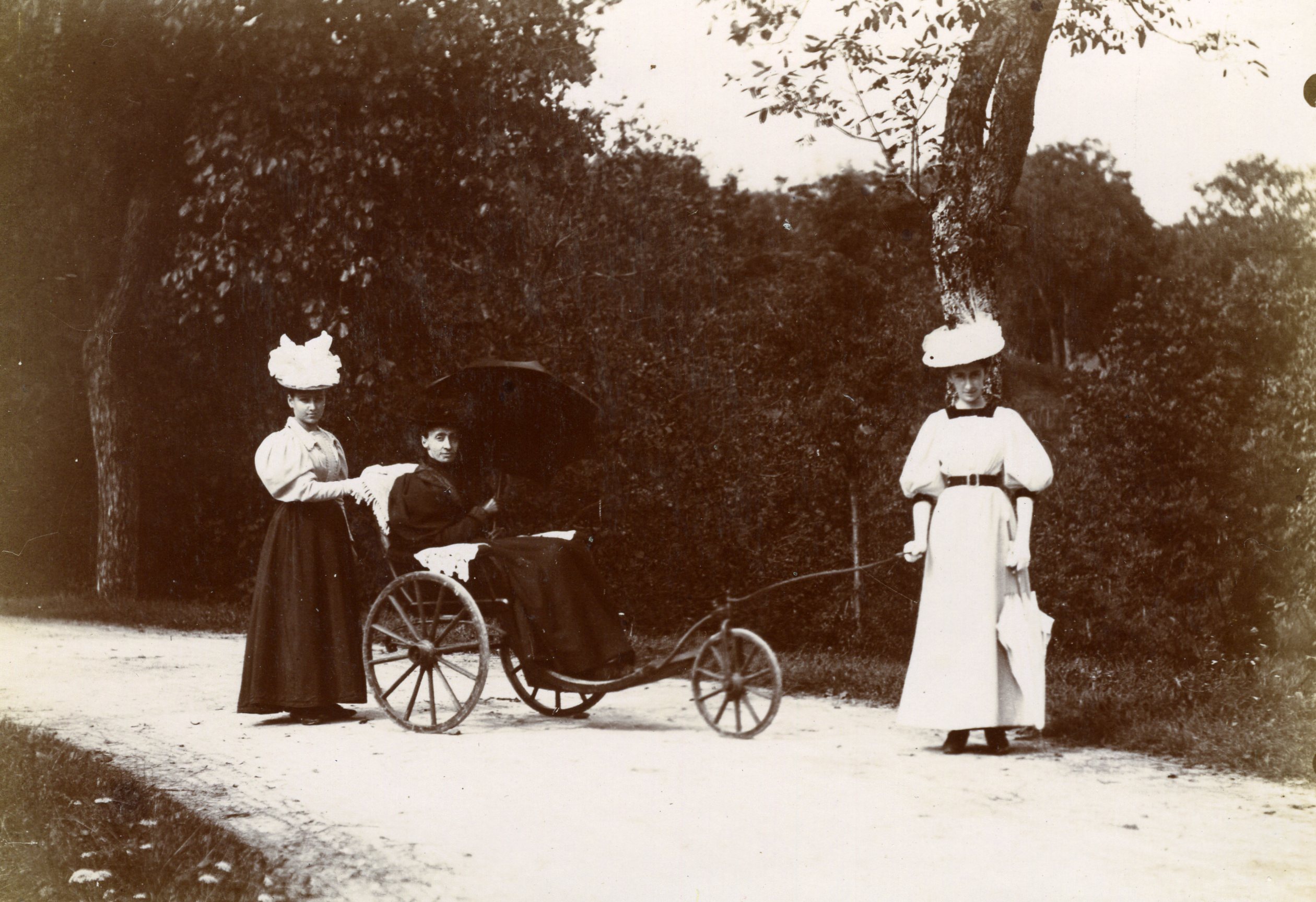Il s’agit de la vue d’une dame installée sur un fauteuil disposant de 3 roues (2 grandes à l’arrière et une petite à l’avant), et tenant une ombrelle. Elle est accompagnée de 2 jeunes filles, élégamment vêtues, l’une tenant ce qui semble être la direction de l’engin, et l’autre se tenant derrière ce fauteuil.
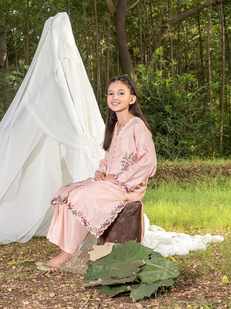 Soft, elegant, and beautifully detailed — this peach 2-piece outfit from the Mini Me by Mona collection is designed to make your little one shine. The premium raw silk shirt features dazzling spangle embroidery, adding a gentle shimmer that enhances its delicate floral design.
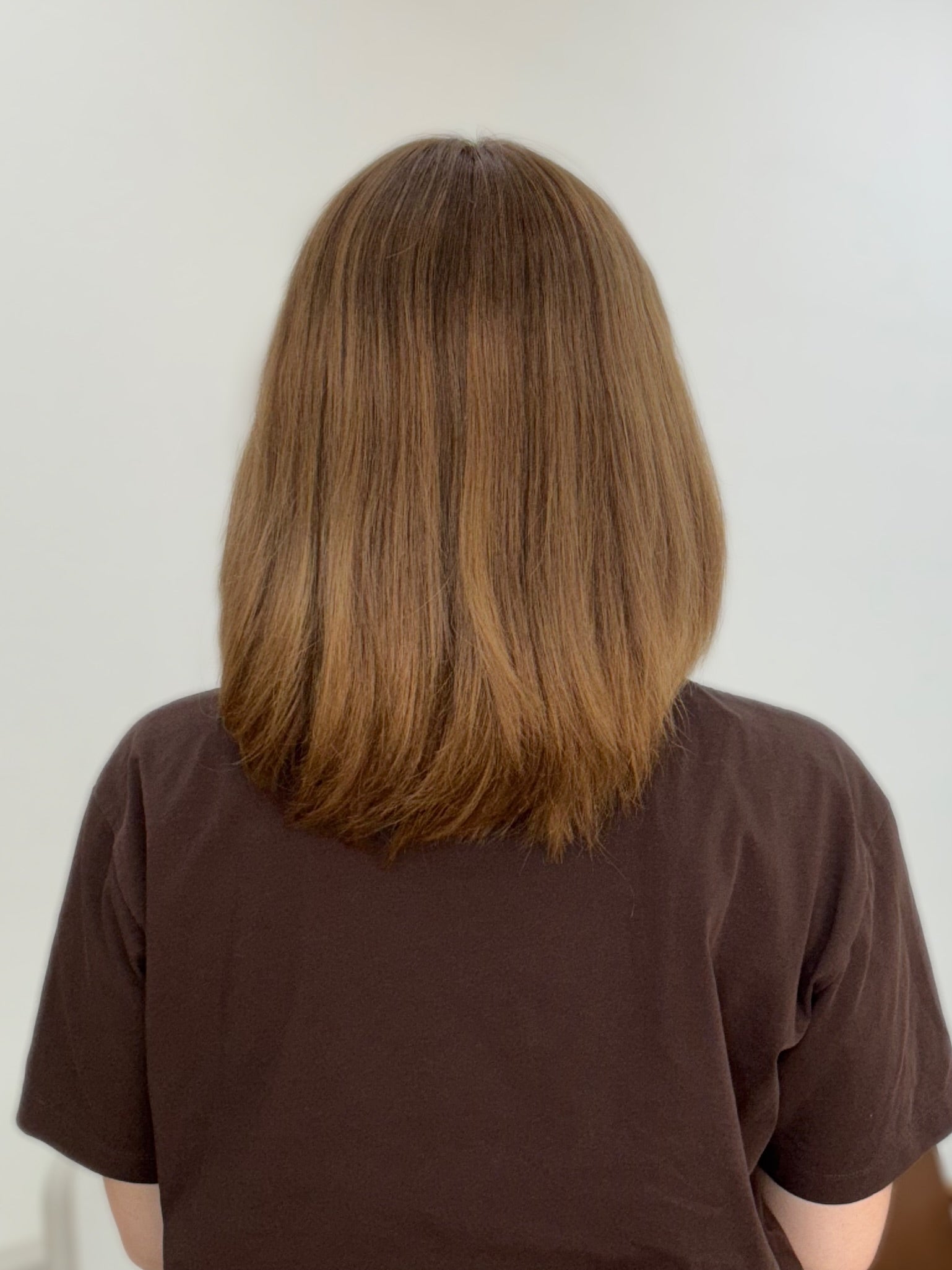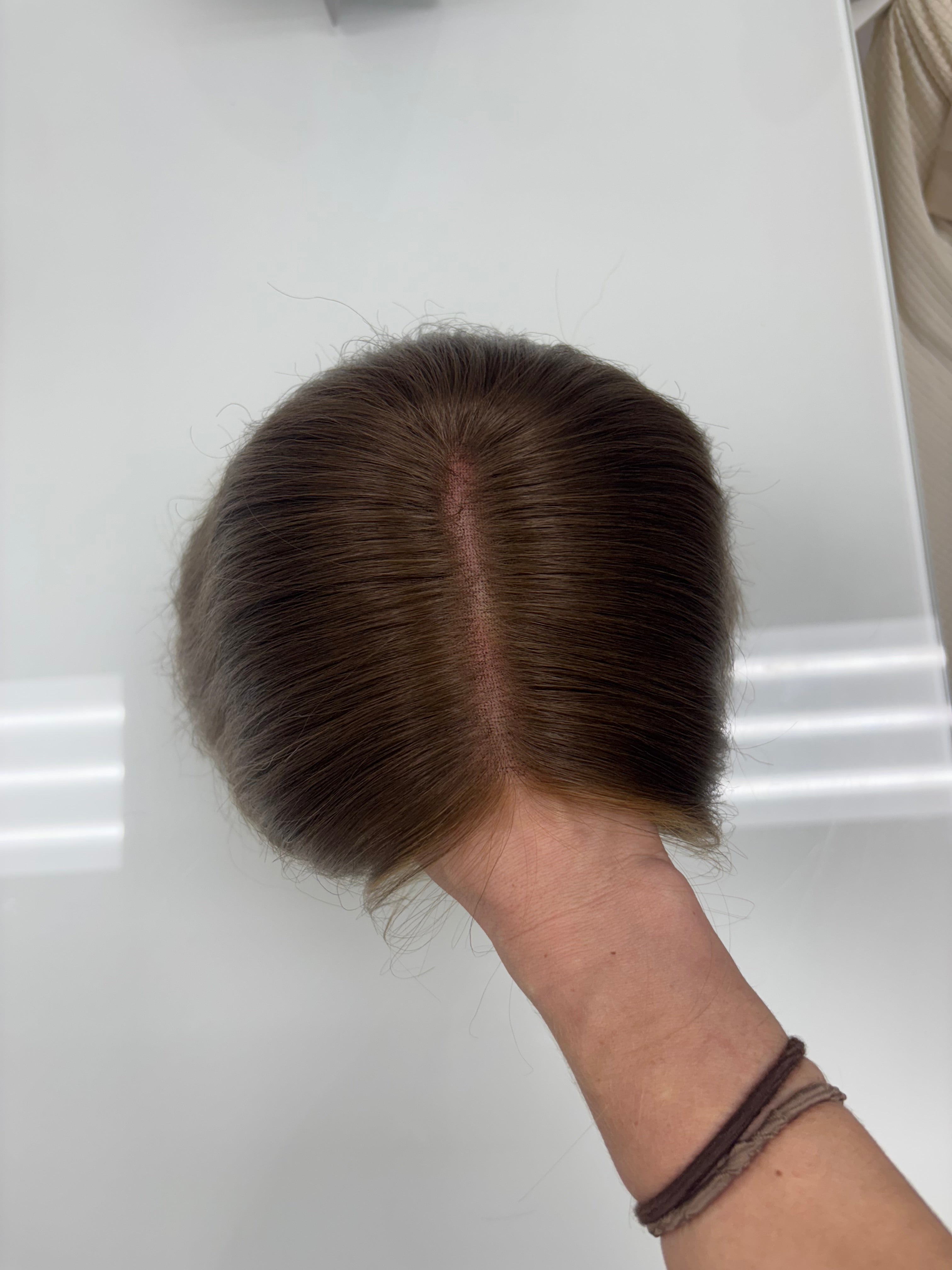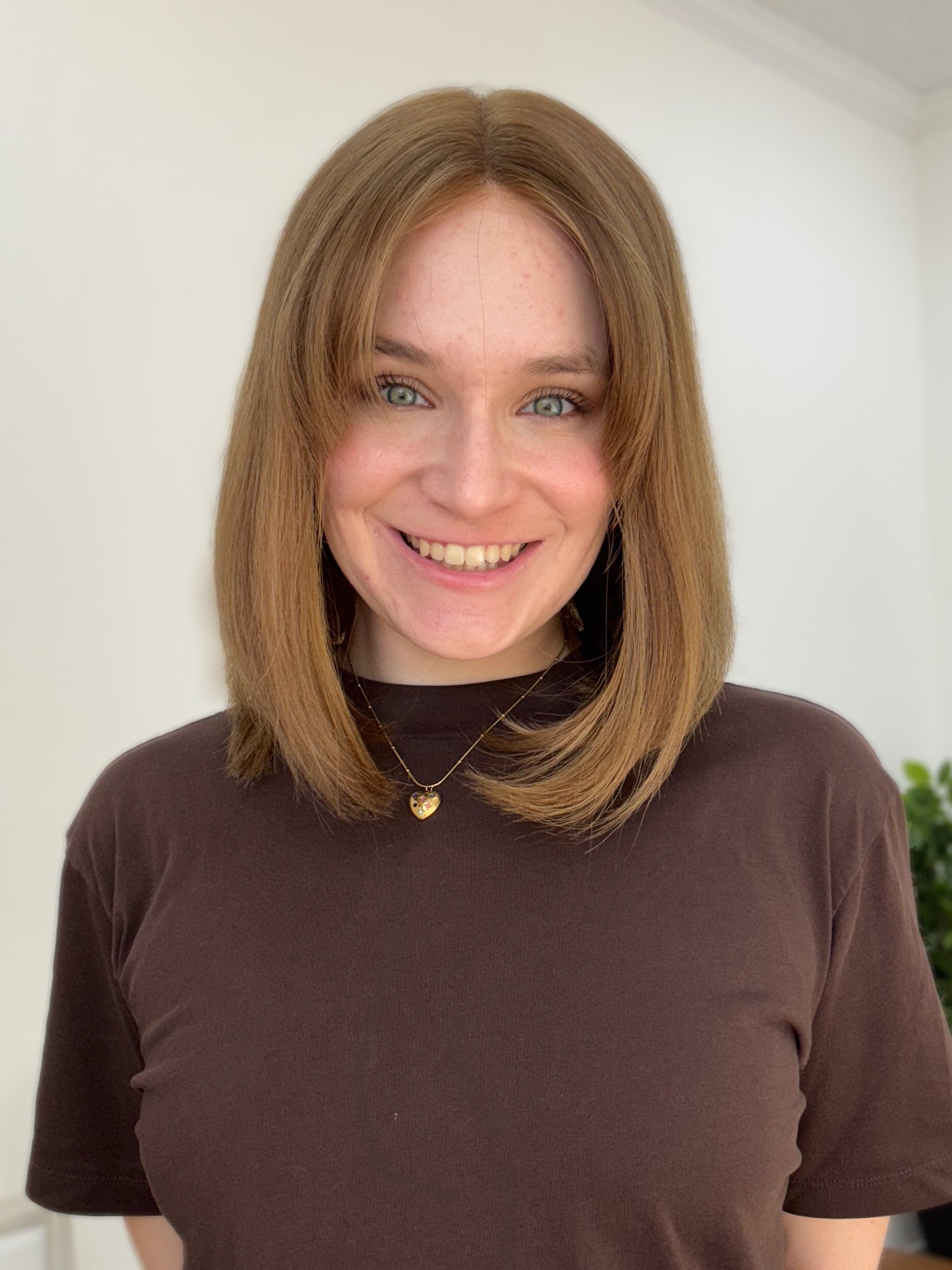 A like new piece with tons of life left. The cute bangs are very customizable, whether you prefer a soft side-swept look or loose, effortless fringe in front. The hair quality feels amazing from top to ends, and the warm brunette shade pairs beautifully with the bright money piece for dimension and brightness around the face. Overall, a gorgeous, easygoing style that still has plenty of wear ahead.Our team of experts carefully examine each piece to give you all the information you need to find the perfect wig or hair topper at a discounted price.
◇ ◇ ◇ ◇ ◇ ◇ ◇
> **WHAT YOU WILL DO**
Copy out each line of the data exactly as it reads; skip the pictures.

> **WRITTEN RESPONSE**
Il s’agit de la vue d’une dame installée sur un fauteuil disposant de 3 roues (2 grandes à l’arrière et une petite à l’avant), et tenant une ombrelle. Elle est accompagnée de 2 jeunes filles, élégamment vêtues, l’une tenant ce qui semble être la direction de l’engin, et l’autre se tenant derrière ce fauteuil.
 Soft, elegant, and beautifully detailed — this peach 2-piece outfit from the Mini Me by Mona collection is designed to make your little one shine. The premium raw silk shirt features dazzling spangle embroidery, adding a gentle shimmer that enhances its delicate floral design.
 A like new piece with tons of life left. The cute bangs are very customizable, whether you prefer a soft side-swept look or loose, effortless fringe in front. The hair quality feels amazing from top to ends, and the warm brunette shade pairs beautifully with the bright money piece for dimension and brightness around the face. Overall, a gorgeous, easygoing style that still has plenty of wear ahead.Our team of experts carefully examine each piece to give you all the information you need to find the perfect wig or hair topper at a discounted price.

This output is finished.